After the implementation of such extremely strict measures for 40 days, the situation in Wuhan was finally relatively stable and controllable. Nevertheless, in the meantime, Europe was getting worse. My parents even made an inappropriate joke at that time: “let us guess whether the reopening of Wuhan is faster than the lockdown of Europe or the other way around”. To be honest, I really doubted that I could fly back to Europe in March even if Wuhan could be open in that month. Everything was changing too fast.
With the green code in Alipay or WeChat, I could eventually walk outside the housing estate. Please let me take a deep breath to feel the open air!
Unfortunately, the streets were still empty and the shops or restaurants were still closed, with only a few passers-by on the wide roads keeping proper distances. Is this still the Wuhan I have known for 28 years? How could it be a giant prison for almost two months?

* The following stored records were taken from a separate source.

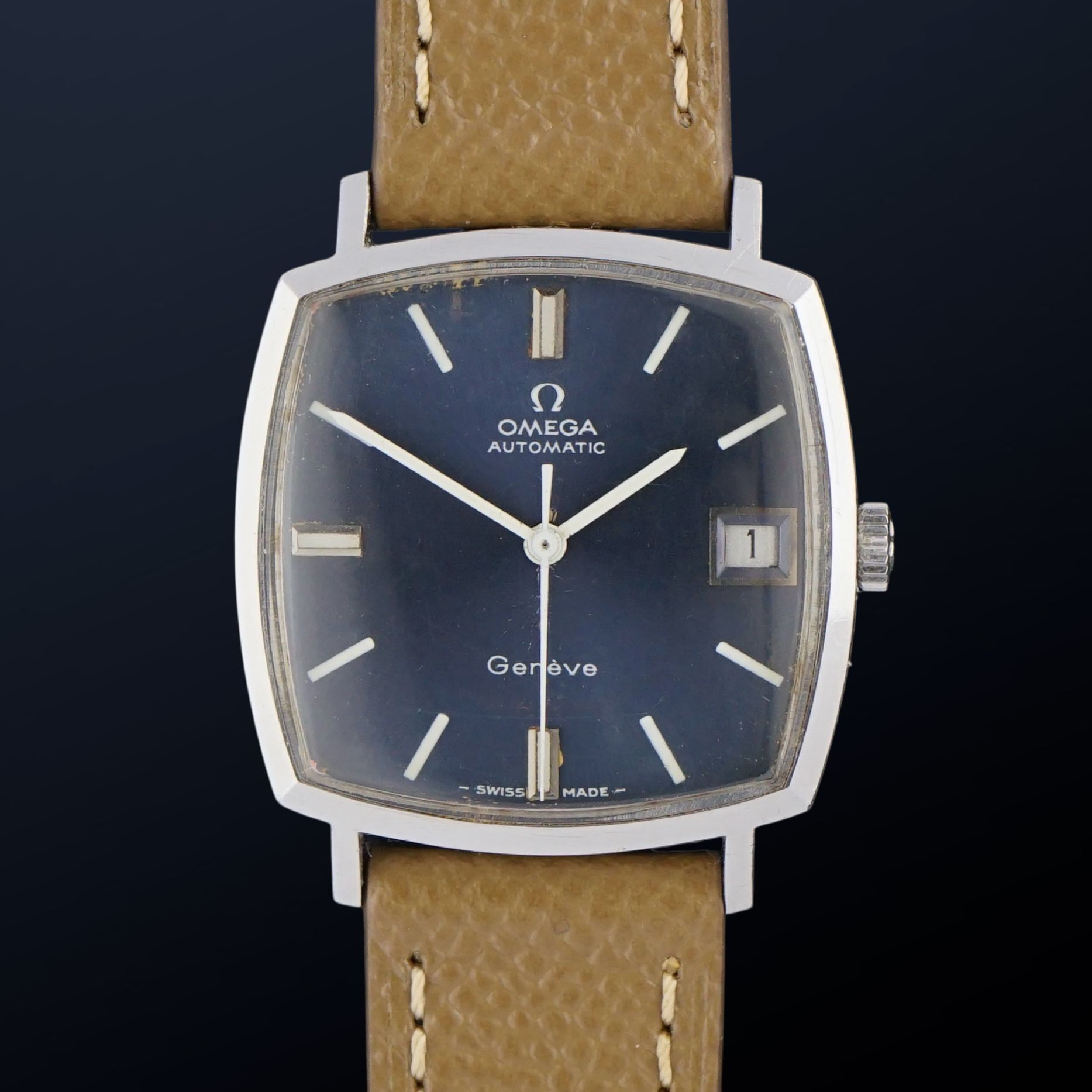 Vintage Omega Genève Automatic Blue Dial Square Tank 162.010 - 31mm - 1968
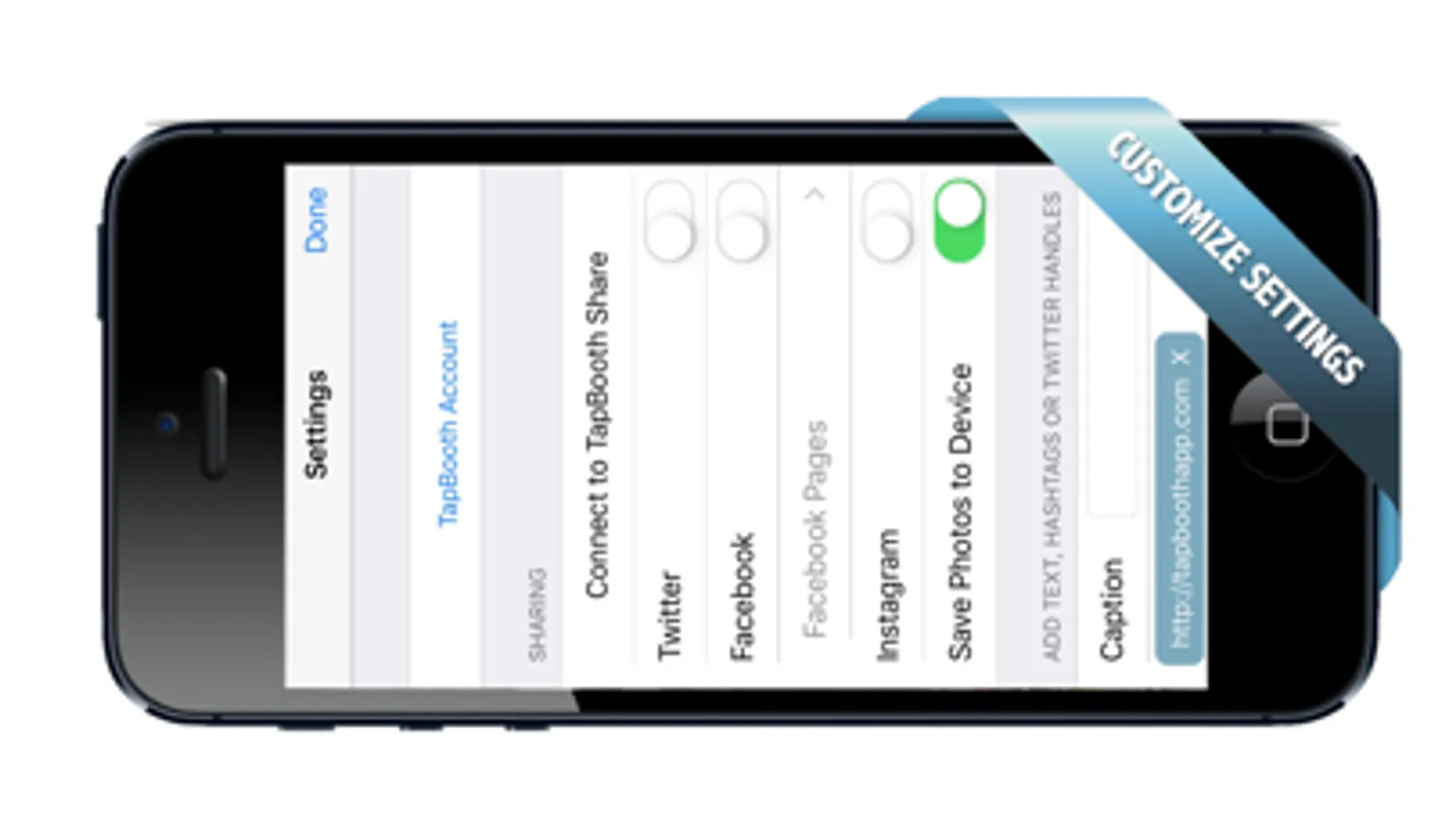 A TapBooth session can be setup to use hashtags, at signs (@) and any other text or URL links.
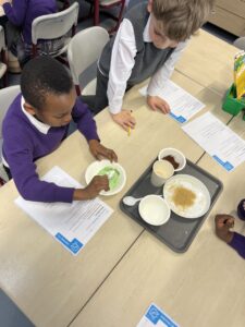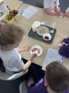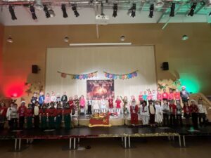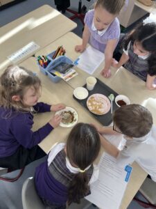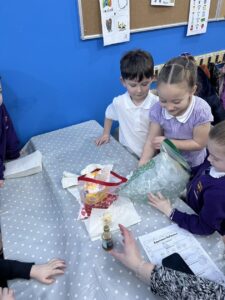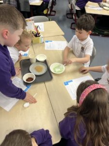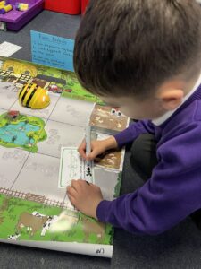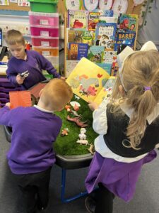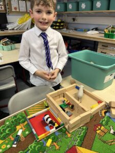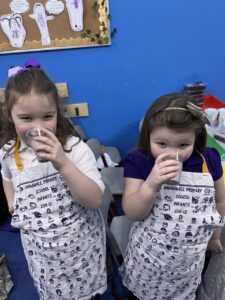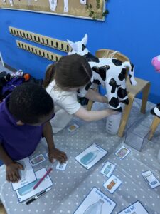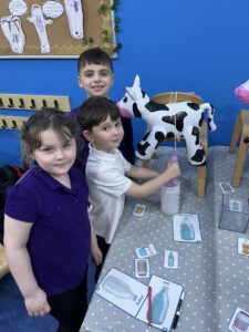 Through our On the farm, we learned about different animals and how they live and grow. We explored how farmers take care of animals and crops, and why farms are important for giving us food like milk, eggs, fruits, and vegetables. We talked about farm vehicles and jobs that farmers do every day. This topic helped us understand nature, where our food comes from, and how to care for living things.

After 77 days, Wuhan was reopened, on 8th April! However, Germany was still at risk. My parents began to worry about my return journey and gradually shifted their focus to the situation in Baden-Württemberg. Apparently, they wished that I should not determine my return date at such an early stage and could stay in Wuhan for as long as possible, which seemed to be a safer city compared to other places.
27th April, 2020
After a long period of observation on the spread of coronavirus in Germany, I decided to organize my return trip to Stuttgart, although all my family members and friends were skeptical about the situation in Stuttgart. I still insisted, as my life should go on and not just in isolation.
Something more complicated was coming, since the international flights were heavily reduced to avoid the further worldwide spread. Having no alternative, I was forced to abandon the previous return journey, which actually can only be operated after August. Then I bought another much more expensive one-way flight ticket.
29th April, 2020
Time to fly back, after multiple adjustments to the flight combinations, as everything was changing too fast! But finally. After an early flight from Wuhan, a 15-hour “short” stay at Guangzhou Airport, a 12-hour almost entirely empty international flight (20 out of 400 seats were booked), and an 8-hour national train trip including three stops, I successfully arrived at Stuttgart main station.
To summarize: It was definitely a remarkable experience in my life.